A stone from a window with an initial horizontal velocity of 10m/s. If the window is 20m high, and the ground is level, how many seconds will the stone reach the ground? How far on the ground will it reach?

a. h = 0.5g*t^2.

h = 20 m., g = 9.8 m/s^2.
t = ?.

b. d = 10m/s * t.
t = Value calculated in part "a".

To find the time it takes for the stone to reach the ground and the distance it will travel on the ground, we need to use the laws of motion and kinematics.

1. Find the time it takes for the stone to reach the ground:
The vertical motion of the stone is influenced by gravity. We can use the equation of motion: h = ut + (1/2)gt^2, where h is the height, u is the initial vertical velocity, g is the acceleration due to gravity, and t is the time.

Given:
- Initial vertical velocity (u) = 0 (since the stone is not thrown upwards)
- Height (h) = 20m
- Acceleration due to gravity (g) = 9.8 m/s^2 (assuming no air resistance)

Using the equation, we can rearrange it to find the time:
h = (1/2)gt^2
20 = (1/2)(9.8)t^2
40 = 9.8t^2
t^2 = 40/9.8
t^2 ≈ 4.08
t ≈ √4.08
t ≈ 2.02 seconds

Therefore, it will take approximately 2.02 seconds for the stone to reach the ground.

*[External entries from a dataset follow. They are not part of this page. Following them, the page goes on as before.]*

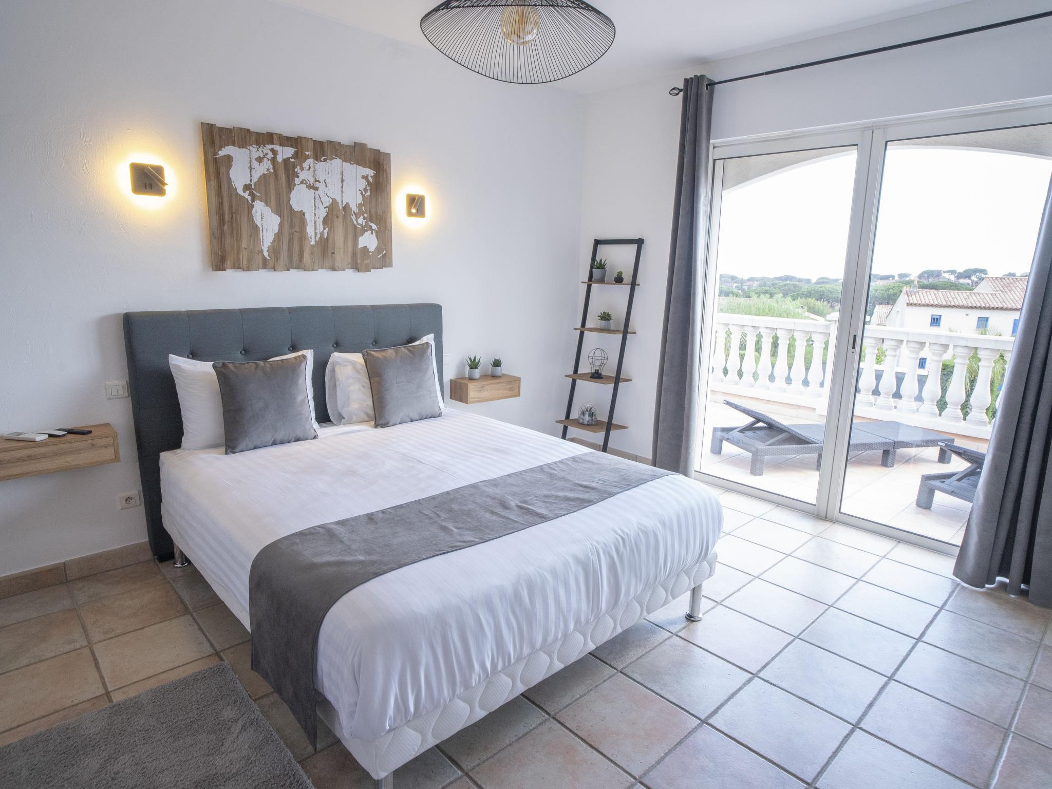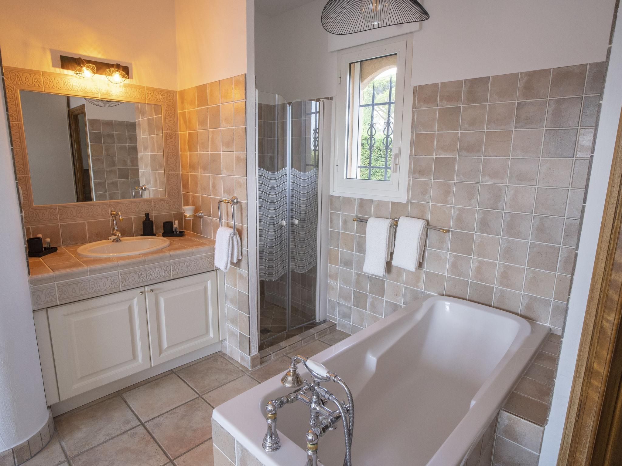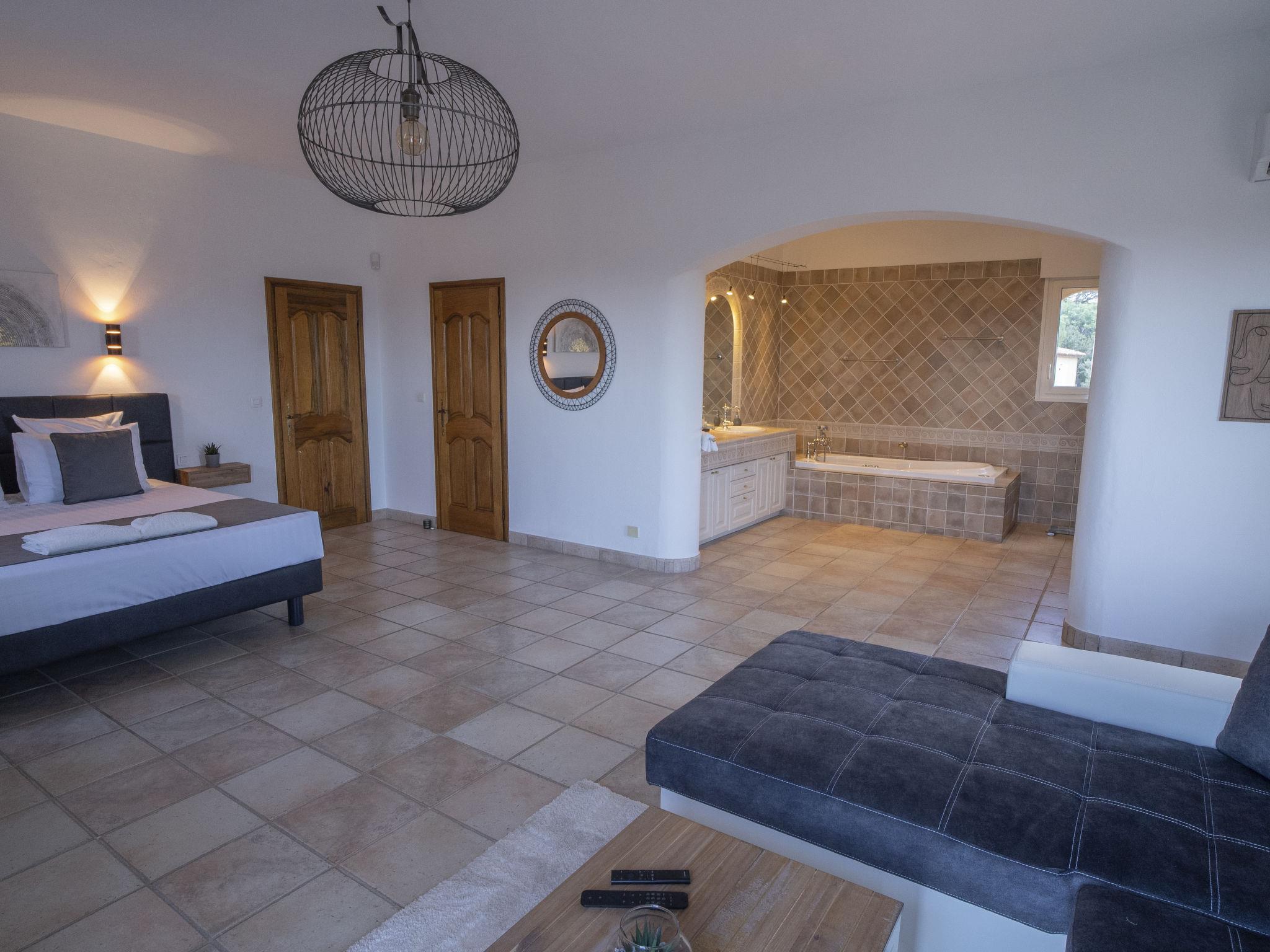 After sunset, the view over the town of Fréjus can be enjoyed with a glass of champagne on the south-facing terrace or on the terrace in the suite on the top floor. The villa has 4 bedrooms: 1 suite on the top floor, 2 bedrooms on the middle floor and a separate studio overlooking the pool at the bottom of the building. There are 6 bathrooms with showers and bathtubs, as well as a whirlpool. On colder evenings, there is a fireplace in the large lounge for cosy hours or an evening of television. The villa also offers a fully equipped kitchen on the ground floor, with a large American food centre, oven, dishwasher, Nespresso coffee machine and all the utensils you need to prepare a delicious meal. Right next to it is the dining room with a large dining table, the guest toilet and the utility room, where you will find an additional freezer, washing machine, hoover and all the necessary cleaning utensils. The entire house is equipped with air conditioning, and the bedrooms also have air conditioning, televisions and built-in wardrobes. The beds are made up with the finest hotel bed linen and there are plenty of shower, hand and washing towels available for every guest. Shower gel, shampoo and body lotion are also provided in the bathrooms. A hairdryer is also available if required. You can also enjoy a bath in the whirlpool in the suite on the top floor. The 2 bedrooms on the ground floor are separated from the rest of the living area by a door to ensure a peaceful night's sleep. The sleeping area in the studio by the swimming pool has its own separate access. All bedrooms have direct access to the large terrace and WLAN. The property is fully video-monitored, but the cameras are switched off when the property is rented out, which is contractually guaranteed.
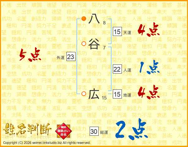 八谷広さんの総運は30画の2点!
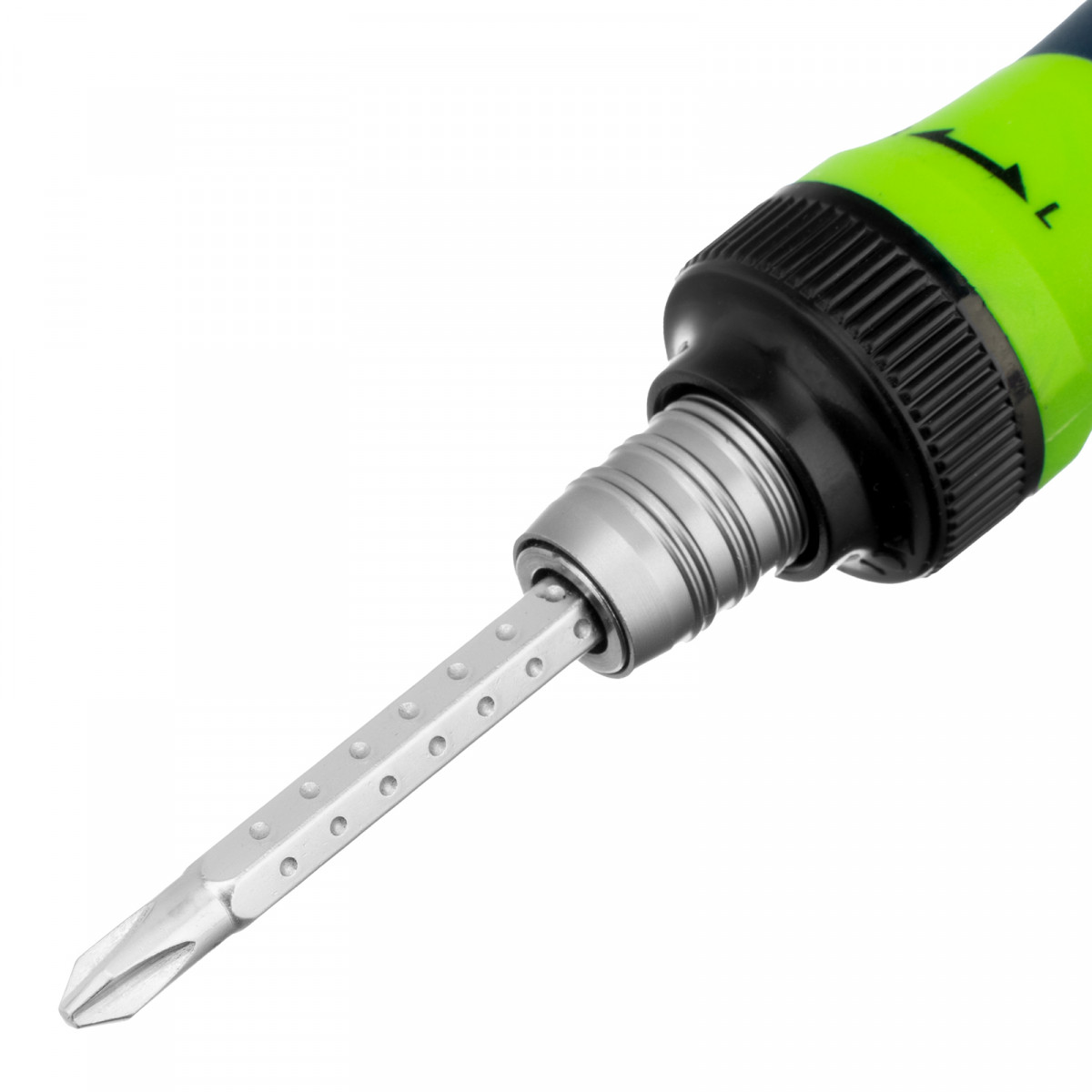 Реверсивная комбинированная отвертка Сибртех 13368 с двусторонним стержнем из стали CrV предназначена для работы с крепежом типоразмеров PH2 и SL6. Используется при проведении мелких ремонтных и монтажных работ в быту. Благодаря трещоточному механизму отвертку не требуется постоянно перехватывать. Длина стержня 160 мм позволяет работать с глубоко расположенным крепежом.
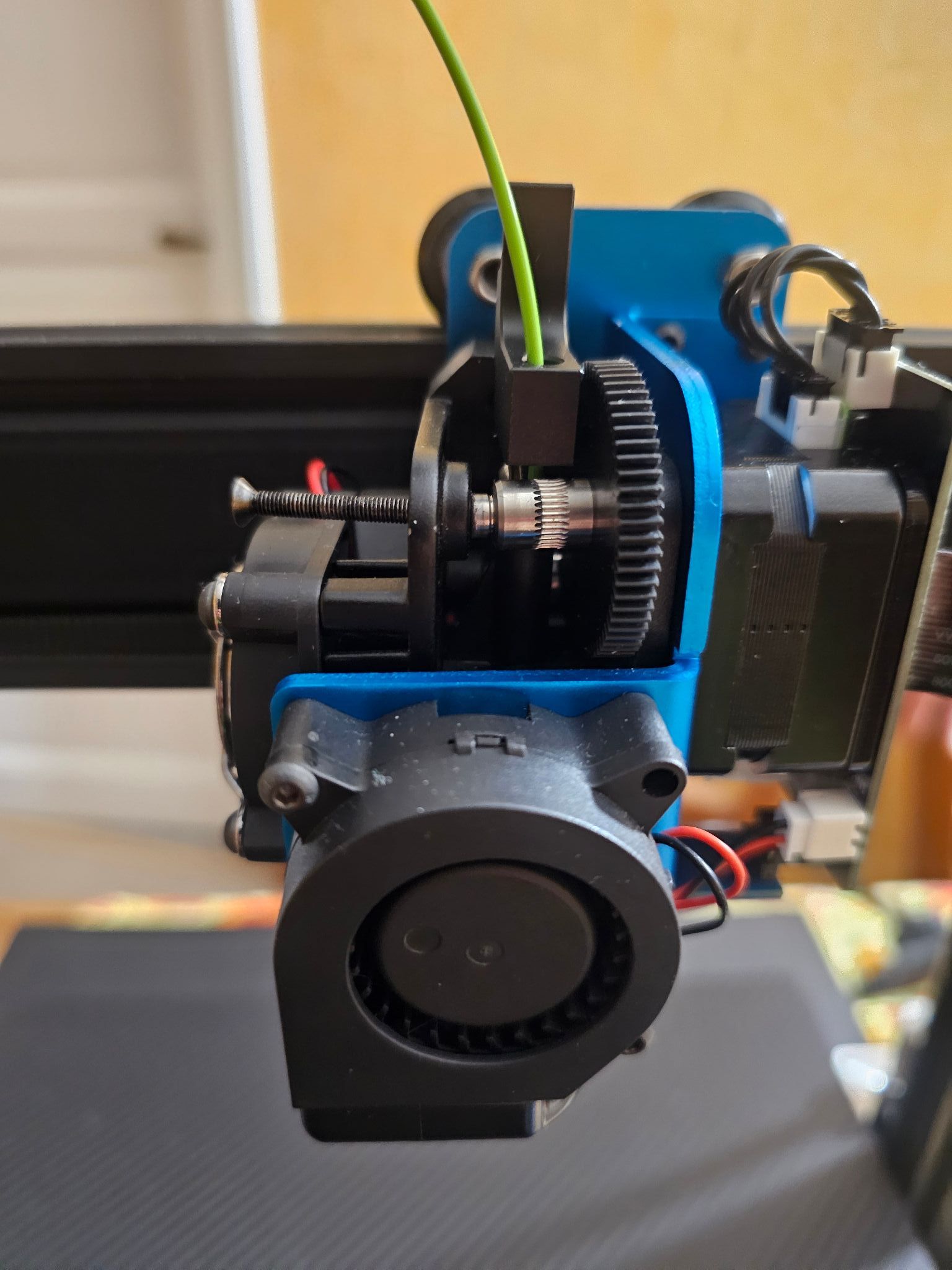 Silentredshirt Posté(e) il y a 1 heure Posté(e) il y a 1 heure Bonjour tout le monde. Comment je l'ai dit dans la section présentation, j'ai eu un petit soucis avec ma sidewinder x1 que je comptais upgrader un petit peu dans le futur. Suite à un arrachement du traitement du plateau ultrabase après une impression petg j'en ai profité pour ajouter un bed magnétique double face en PEI sur mon imprimante. Quitte à faire des modifs, j'ai remplacé les ressorts du plateau par des tampons silicone (que j'ai dû raccourcir), enfin j'ai remplacé le bras en plastique du levier de pression ainsi que la roue entraîneuse du filament par des versions en aluminium. Quelques impressions de test plus tard, je me lance dans une impression de 8h environ, tout va bien, cependant je me rends compte que la vis qui passe au milieu de la roue d'entraînement est quasiment sortie. Le problème étant que si je serre plus fort, la roue d'entraînement ne tourne plus. J'ai essayé de remettre l'ancien couple roue + levier en plastique et c'est pareil. J’ai cherché dans le forum mais je ne crois pas avoir vu ce problème, auriez-vous une idée ou des conseils ? Merci beaucoup !
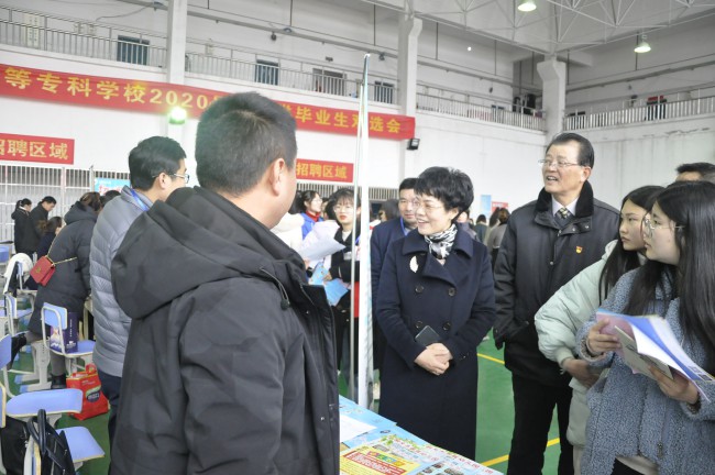 學校領導高度重視,黨委書記朱宏、副校長程玉梅深入現場指導工作,對用人單位的到來表示歡迎,了解招聘單位的相關信息;勉勵畢業生在擇業過程中要腳踏實地,充分準備,積極展現自我,早日找到滿意的工作。各二級機構負責同誌、畢業班輔導員也來到雙選會現場,積極指導學生求職。本次雙選會也得到了安徽省大中專畢業生就業指導中心大力支持,且中心領導現場督導。
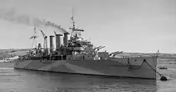 Крейсер находился в ремонте до декабря 1945 года. После завершения войны использовался как учебный корабль. 31 августа 1954 года выведен из состава флота; 25 января 1955 года продан на слом; 26 марта 1955 прибыл в Барроу на слом[26].
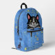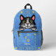 This fun novelty backpack includes a faux (printed) denim / blue jean look with a cartoon black-and-white tuxedo kitty cat that appears as if it's sitting inside the front pocket! The design also includes silhouettes of paw prints and a cat / bird silhouette on one side. Use the easy template to add your name or your cat's name to the design (or simply delete the sample name "Tabitha" to order without a name). These cute backpacks make the perfect gift for any cat owner! They would also be fun for an animal groomer or vet. Find more cat colours and also find this design on other products in the store here: https://www.zazzle.com/store/laborandleisure
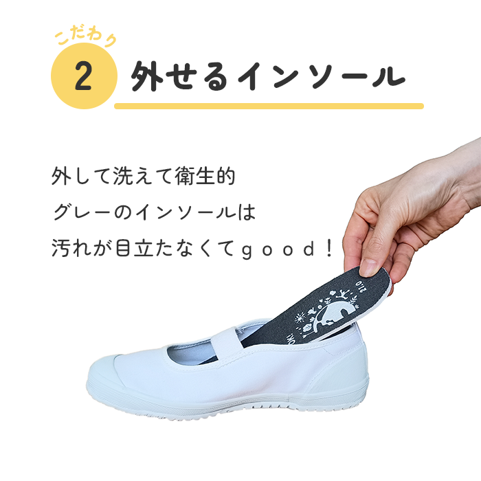 インソールは外して洗えるので清潔を保てます。濃いめのグレーで汚れが目立たないのも嬉しいポイント。
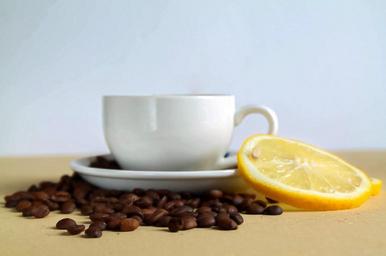 Keywords: coffee cup coffee cup drink caffeine cup of coffee beverage cafe hot break white aroma brown coffee beans lemon slice
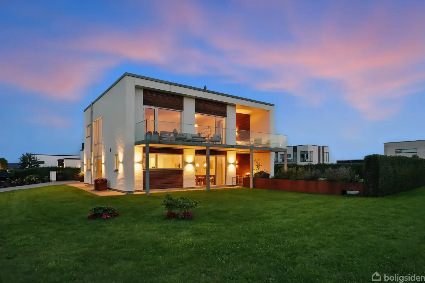 EKSKLUSIV VILLA I FØRSTE RÆKKE MED UDSIGTVelkommen til denne sjældent udbudte perle på Ejlif Krogagers Vej 74 – en moderne og kompromisløs bolig på hele 244 m², beliggende på en 988 m² stor grund i sidste række på en rolig og lukket villavej. Her får du uhindret udsigt over Tjæreborgs gamle gusgrav, et imponerende billede der skifter med årstiderne og forvandler din dagligdag til en naturskøn oplevelse.Arkitektonisk kvalitetHuset er opført i 2019 af Hansen og Kruse, og det mærkes fra første skri
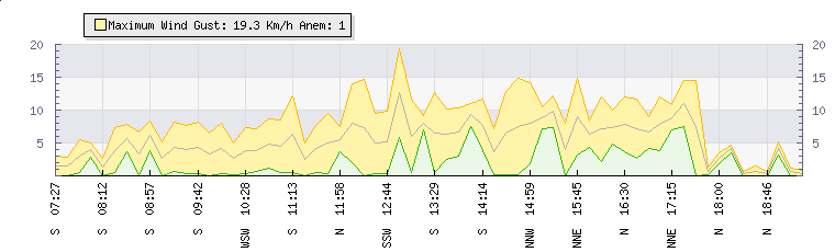 In the last few minutes the wind was Northerly at an average speed of 4 kmh, reaching up to 8 kmh and a low of 0 kmh. The gust strength is8 kmh above the minimum speed |

2. Find the distance the stone will travel on the ground:
The horizontal motion of the stone is not affected by gravity, so the initial horizontal velocity remains constant.

Given:
- Initial horizontal velocity (u) = 10m/s
- Time (t) = 2.02 seconds (from the previous calculation)

To find the distance (d) traveled horizontally, we use the formula: d = ut
d = 10 * 2.02
d ≈ 20.2 meters

Therefore, the stone will travel approximately 20.2 meters on the ground.